SeminarTopics.in

Published on Jun 05, 2023



Abstract

The pressure on the Process Industries to improve yield, reduce wastage, eliminate toxins and above all increase profits makes it essential to increase the efficiency of process operations. One possible approach for achieving this is through the improvement of existing process monitoring and control systems.

Description of Industrial Applications using Neural Networks

Many process monitoring and control schemes are based upon a representation of the dynamic relationship between cause and effect variables.

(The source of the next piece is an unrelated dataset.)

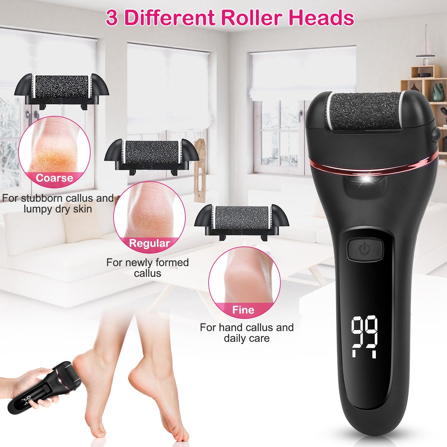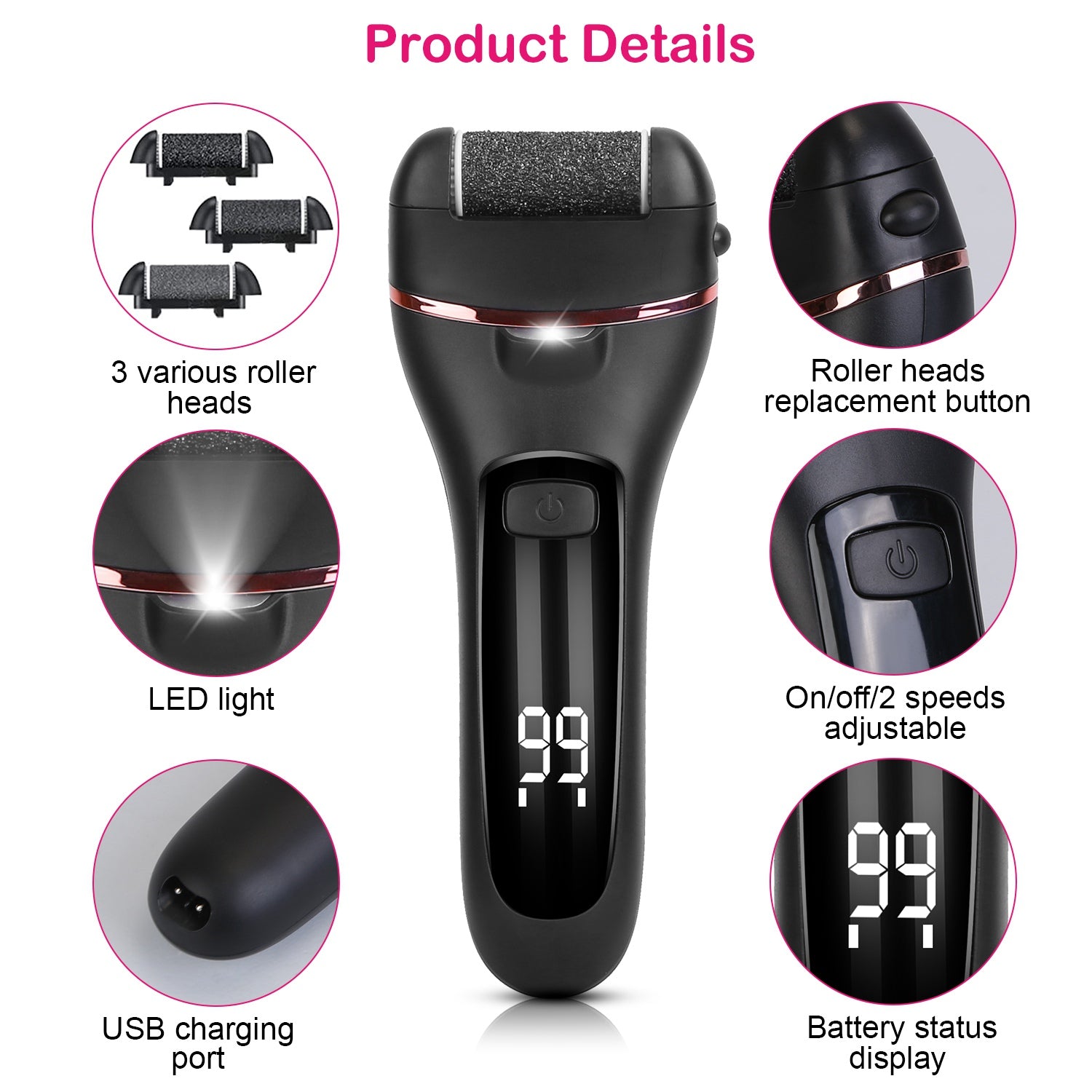 - USB Rechargeable & Long Battery Life: Fully charged, the electric callus remover lasts up to 120 minutes, with the battery status displayed on the screen to indicate when it’s time to recharge.

In such schemes, this representation is typically approximated using some form of linear dynamic model, such as finite impulse response (FIR), autoregressive with exogenous variable (ARX) and auto-regressive, moving average with exogeneous variable (ARMAX) models.

Once determined, the dynamic process model of the system can be integrated within a variety of process monitoring and control algorithms. In process control, for example, the model can be incorporated within a model based predictive control (MBPC) algorithm, such as Generalised Predictive Control.Alternatively, for process monitoring, the residuals (prediction errors) from such models can be analyzed to detect abnormal operation.

Such monitoring and control schemes have found widespread application in industry and have led to significant improvements in process operations. Unfortunately, the models employed within the schemes tend to be linear in form. Although linear models can provide acceptable performance for many systems, they may be unsuitable in the presence of significant non-linearities.

For such systems it may be beneficial to employ a model that reflects the non-linear relationship between cause and effect variables. Preliminary studies have indicated that artificial neural networks (ANNs) may provide a generic, non-linear solution for such systems. As with standard linear modelling techniques, ANNs are capable of approximating the dynamic relationships between cause and effect variables. In contrast to linear techniques however, ANNs offer the benefit of being able to capture non-linear relationships.